Indeed, the Ramban explains this commandment by telling us that we must reach the level in which we hold our friend in such high regard, that we do not even place ourselves above him. The Ramban means to say that it is natural when one shows respect to his colleague, he retains some respect for himself. For example, one may admit that his friend is smarter than he is, but he will try to preserve his own personal honor by telling himself that he is a kinder person then his friend. However, the Ramban concludes that this is not the correct attitude as we see by King David and Yonasan. We find that Yonasan wanted to give King David the throne itself, which was rightfully his, in order to give Dovid Hamelech the honor he felt David deserved.
R’ Leib Chasman adds to this principle by quoting the Mishnah in Avos. The Tanna says, “Who is a respected person? One who respects others”. Although one is certainly not allowed to pursue admiration himself, one is instructed to accord his friend every honor in order to make him feel good. Similarly, we find that one is not allowed to overindulge on luxuries when it comes to his own welfare, yet when it comes to his friends welfare, one must purchase the best that money can buy.
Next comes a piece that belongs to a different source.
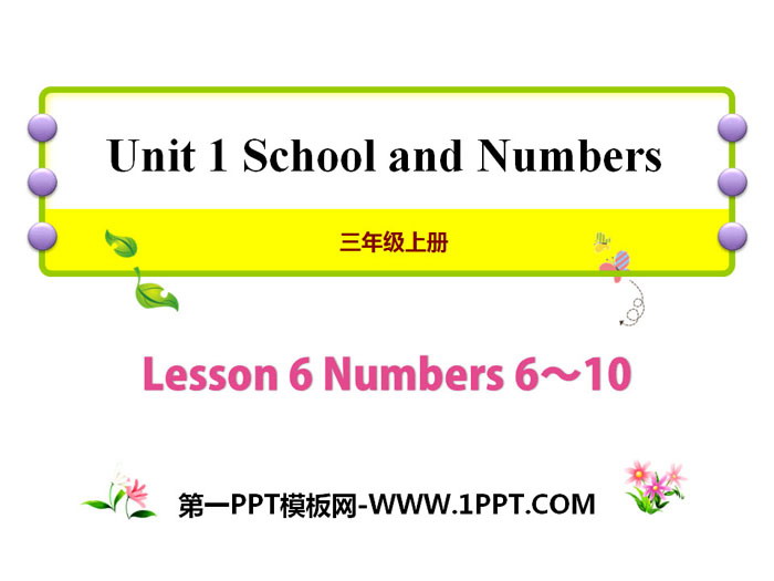关键词:冀教版三年级上册英语PPT课件免费下载,Numbers6~10PPT下载,School and NumbersPPT下载,.PPT格式;

For example, if a person was formerly wealthy, and ran into hard times, even if that person is still “making it” and has food to put on the table, one is required to purchase a horse and buggy for that person if that is what he was previously accustomed to. This is the level of respect the Torah expects us to have for our fellow Jew.
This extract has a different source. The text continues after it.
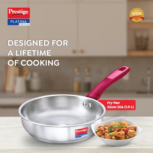 1 x Prestige Platina Popular Stainless Steel Gas and Induction Compatible Fry Pan 220 mm
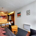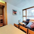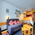 High above the bustling heart of Villards in Les Arcs 1800, this charming alpine apartment offers a warm and welcoming retreat for your mountain getaway. With its southwest-facing balcony, you’ll be treated to breathtaking views of the valley and unforgettable sunsets that paint the sky in hues of gold and crimson. Whether you’re here for the thrill of skiing or the serenity of summer hikes, this residence places you in the center of it all, with ski-in/ski-out access ensuring effortless adventures right from your doorstep. \n\nInside, the apartment is thoughtfully designed to accommodate up to six guests. The living room features a comfortable sofa bed, while the bedroom offers two single beds, and the cozy cabin area includes bunk beds perfect for children over six. The fully equipped kitchen invites you to prepare hearty meals after a day of exploration, complete with electric hobs, a microwave/oven, dishwasher, and essential appliances like a coffee maker and kettle. Modern conveniences such as free Wi-Fi and eco-friendly linens ensure a comfortable and sustainable stay. \n\nStep outside and discover the vibrant Villards village, where shops, restaurants, and après-ski activities are just a short stroll away. In winter, the slopes beckon with pristine snow, while summer transforms the area into a haven for hikers and cyclists. Nearby shuttle stops provide easy access to other resort areas, making it simple to explore the wider Paradiski domain. \n\nWhether you’re chasing powdery pistes or tranquil trails, this apartment offers the perfect blend of comfort, convenience, and alpine charm. Let the beauty of the French Alps inspire unforgettable memories during your stay.

With this explanation, we can answer the two difficulties we originally posed. Regarding the difficulty that we raised as to how the Torah’s concept of morals differs from that of the non-Jews, the non-Jewish concept of “intrapersonal morality” is based solely on a whim of conscience an not on anything concrete. Whereas the Torah’s idea of respect comes from a deep understanding of what God really wants. This can certainly not be achieved overnight, but rather with great toil. And when one does drive this concept home, he will become a truly Godly person who shoes authentic concern for his fellow.
And secondly, we asked, how does the commandment of loving one’s fellow man have any bearing on the commandments which are between man and God? Based on what we have explained, this is simple. In order to foster a proper understanding of the people around him, one is required look at them from God’s perspective because this is the only true perspective. When one does this, one inevitably becomes a better person because he develops a true admiration of his fellow man, just as God Himself possesses.
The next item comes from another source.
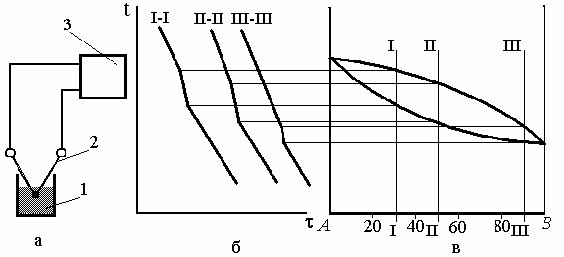 Побудова діаграм стану основана на фіксації характерних точок сплаву, що мають місце при його охолодженні (рис. 1). Для чого в сплав (1), що охолоджується поміщається термопара (2) і спеціальним приладом (3) проводиться запис температури в процесі охолодження сплаву. Аналогічний процес проводиться для декількох складів сплаву. При зміні фазового складу сплаву на кривій зниження температури, в залежності від числа ступенів свободи, буде спостерігатися перегин (рис. 4.1.б), або горизонтальна лінія. Відповідні температури, при яких проходять такі зміни наносяться на вертикальну лінію, яка на діаграмі стану показує склад нашого сплаву. Провівши подібні виміри для декількох сплавів різного складу (рис. 4.1.в) та з’єднавши відповідні точки, отримаємо діаграму стану для подвійних сплавів компонентів А і В.

I would just like to conclude by pointing out that the reverse is also true. The Sifre Mussar bring down that when one begins to work on his relationship with his piers, one is required to “get out of himself” in order to try to contemplate how the people around him are truly feeling. Many people in the world never do this in their entire lives! This process will train a person to be aware of the needs of the people around him and give him the ability to put his needs aside, if necessary. Only when a person can learn to do this will he ever be able to understand God! A person who is focused only on his needs, will never be able to look outside of himself in order to see the “needs” of his Creator.
May God help us to enhance our sensitivity to those around us, thereby helping us to be a better person to our friends, and to Him!